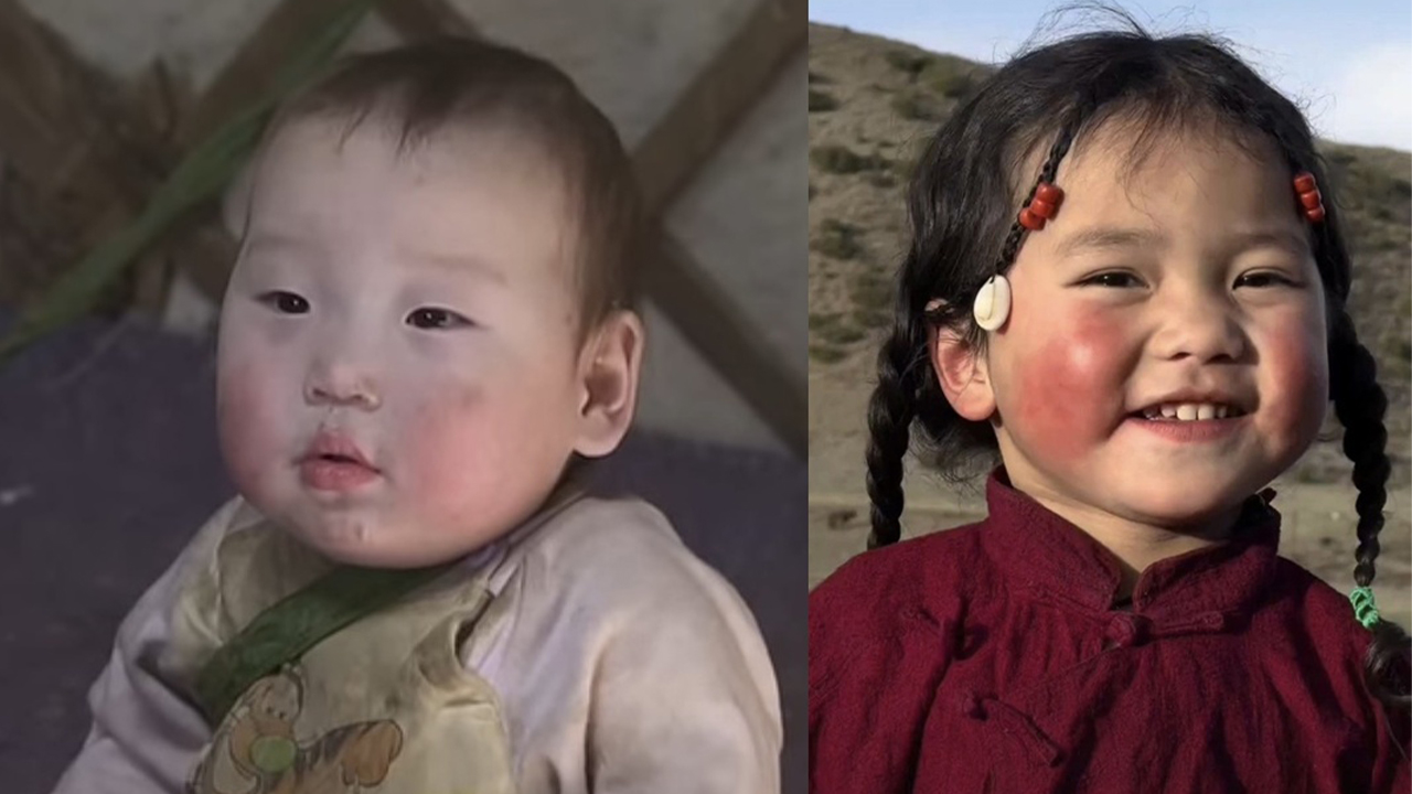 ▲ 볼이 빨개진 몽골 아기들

◇ ◇ ◇ ◇ ◇

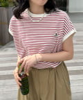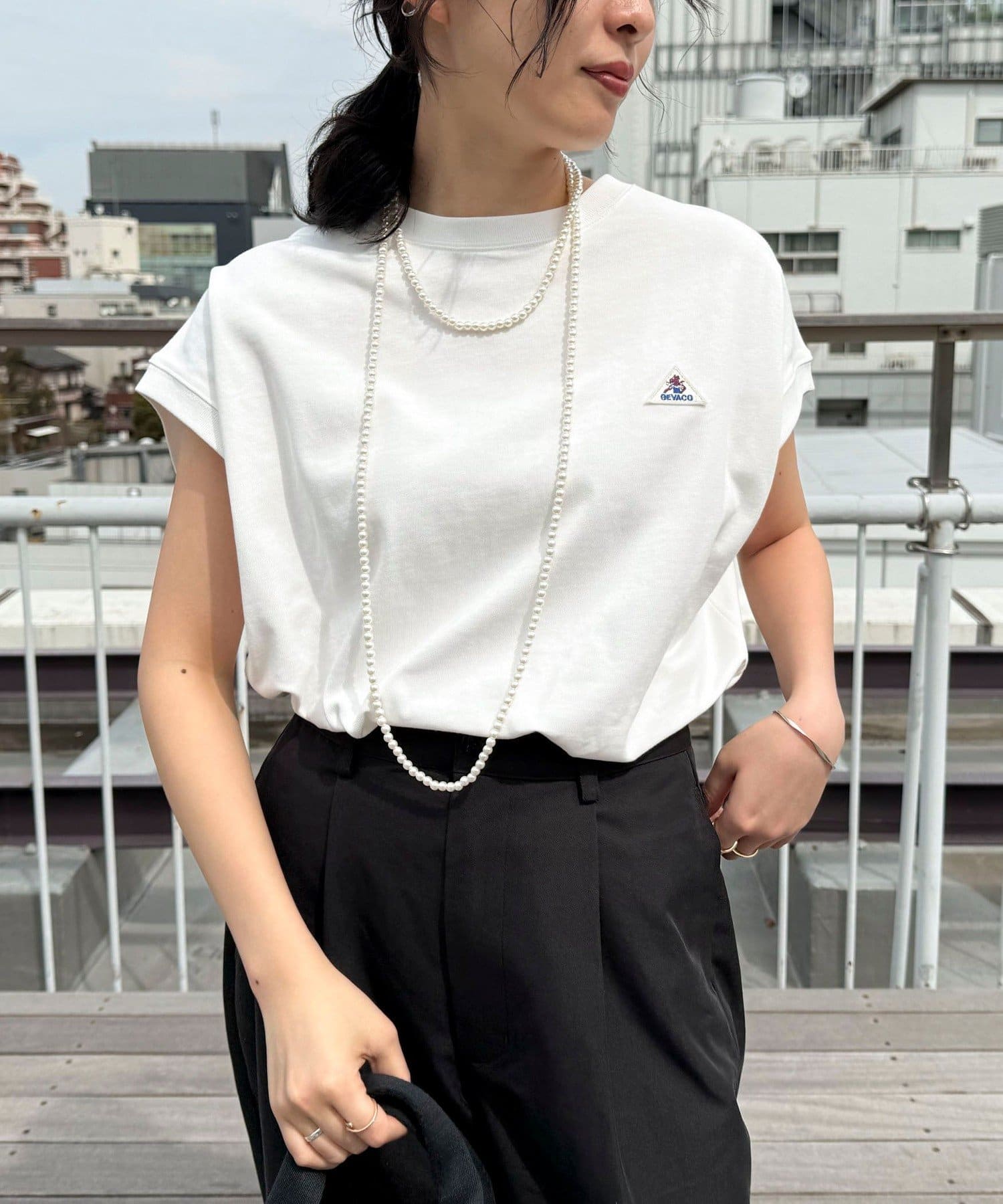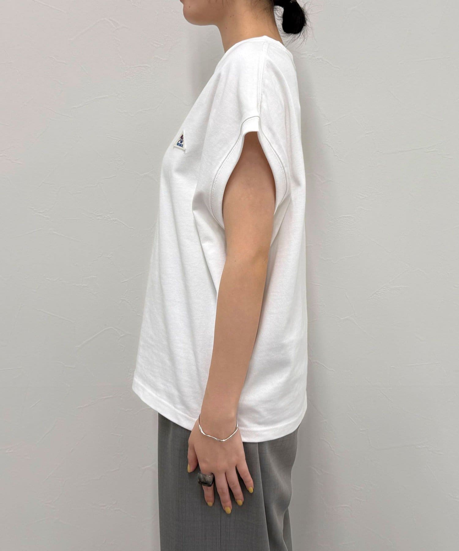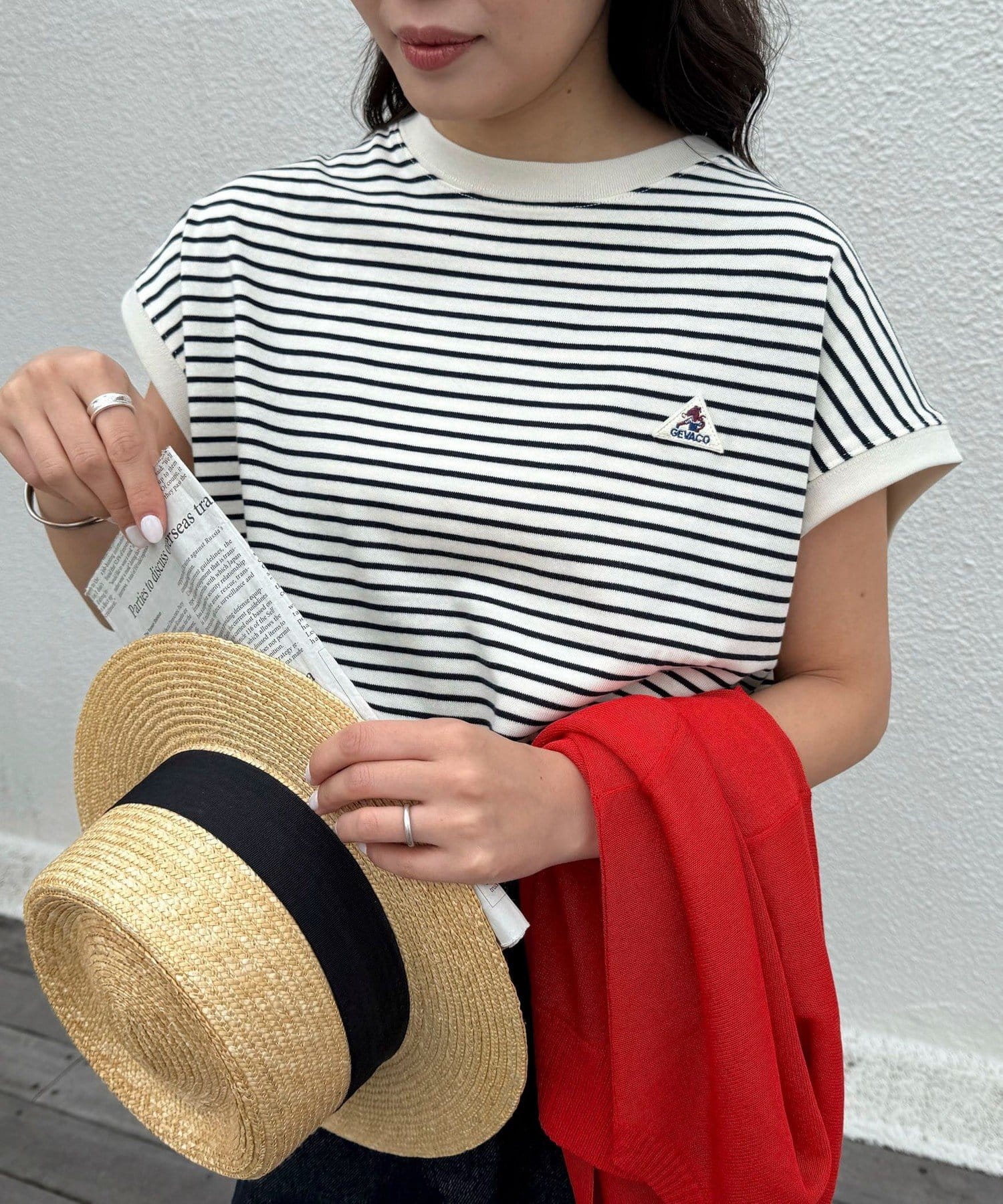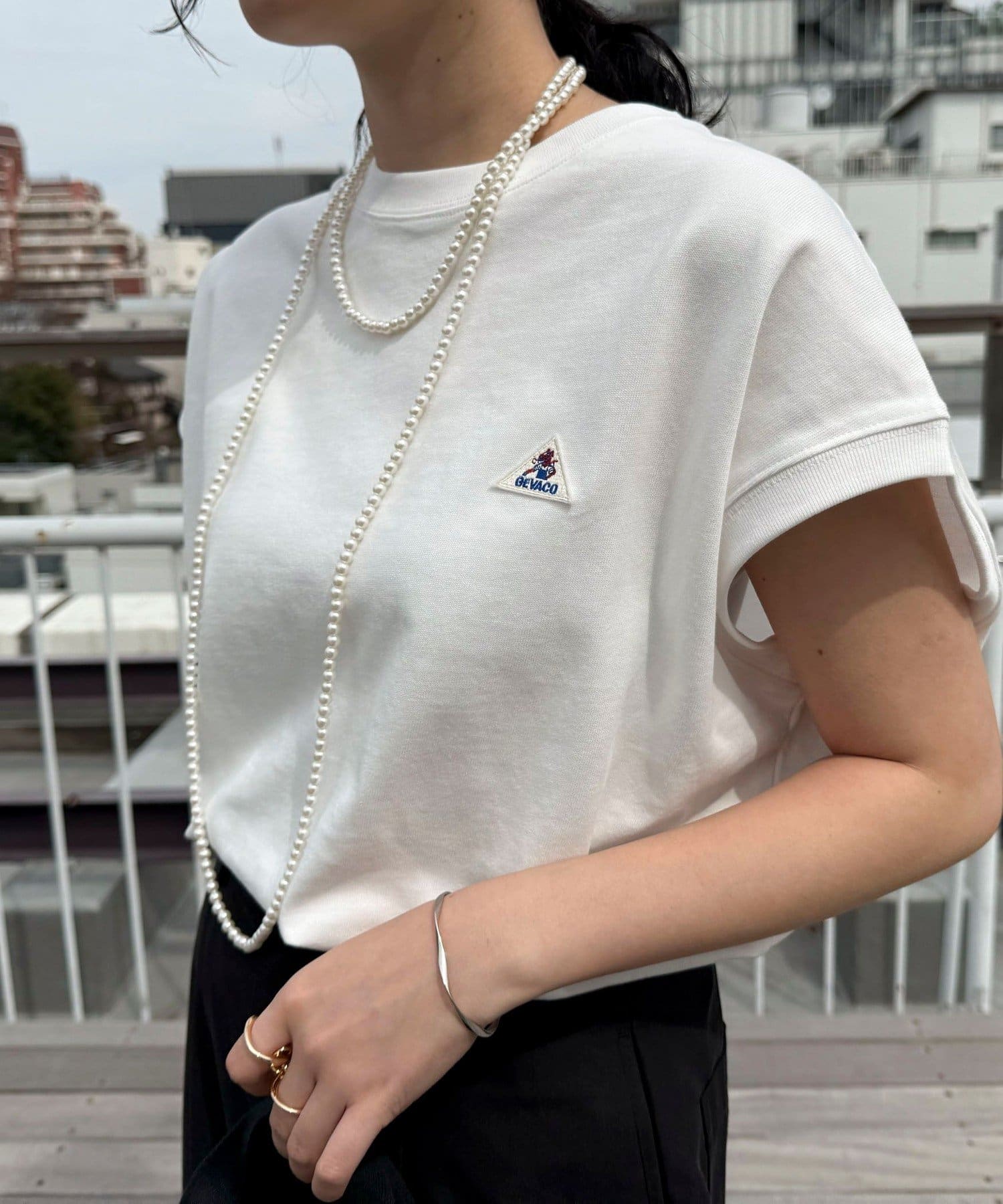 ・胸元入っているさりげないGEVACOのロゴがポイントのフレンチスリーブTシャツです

◇ ◇ ◇ ◇ ◇

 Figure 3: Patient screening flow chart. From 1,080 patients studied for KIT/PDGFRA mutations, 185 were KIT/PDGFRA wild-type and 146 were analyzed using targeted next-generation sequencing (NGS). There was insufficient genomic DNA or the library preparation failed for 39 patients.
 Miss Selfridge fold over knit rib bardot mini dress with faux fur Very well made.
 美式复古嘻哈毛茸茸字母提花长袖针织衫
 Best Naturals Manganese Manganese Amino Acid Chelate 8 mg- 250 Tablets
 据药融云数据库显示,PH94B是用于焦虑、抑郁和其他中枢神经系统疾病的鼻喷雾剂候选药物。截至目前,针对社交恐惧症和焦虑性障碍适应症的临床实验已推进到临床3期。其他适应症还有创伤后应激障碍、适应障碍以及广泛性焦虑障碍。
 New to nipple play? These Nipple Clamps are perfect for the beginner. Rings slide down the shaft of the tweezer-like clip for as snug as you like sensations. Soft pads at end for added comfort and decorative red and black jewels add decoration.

◇ ◇ ◇ ◇ ◇

Directions:
When the line with "Figure 3: Patient" is reached in the data above, begin copying, and stop after the line with "美式复古嘻哈毛茸茸字母提花长袖针织衫"; copy each line exactly, both ends included.

Task response:
 Figure 3: Patient screening flow chart. From 1,080 patients studied for KIT/PDGFRA mutations, 185 were KIT/PDGFRA wild-type and 146 were analyzed using targeted next-generation sequencing (NGS). There was insufficient genomic DNA or the library preparation failed for 39 patients.
 Miss Selfridge fold over knit rib bardot mini dress with faux fur Very well made.
 美式复古嘻哈毛茸茸字母提花长袖针织衫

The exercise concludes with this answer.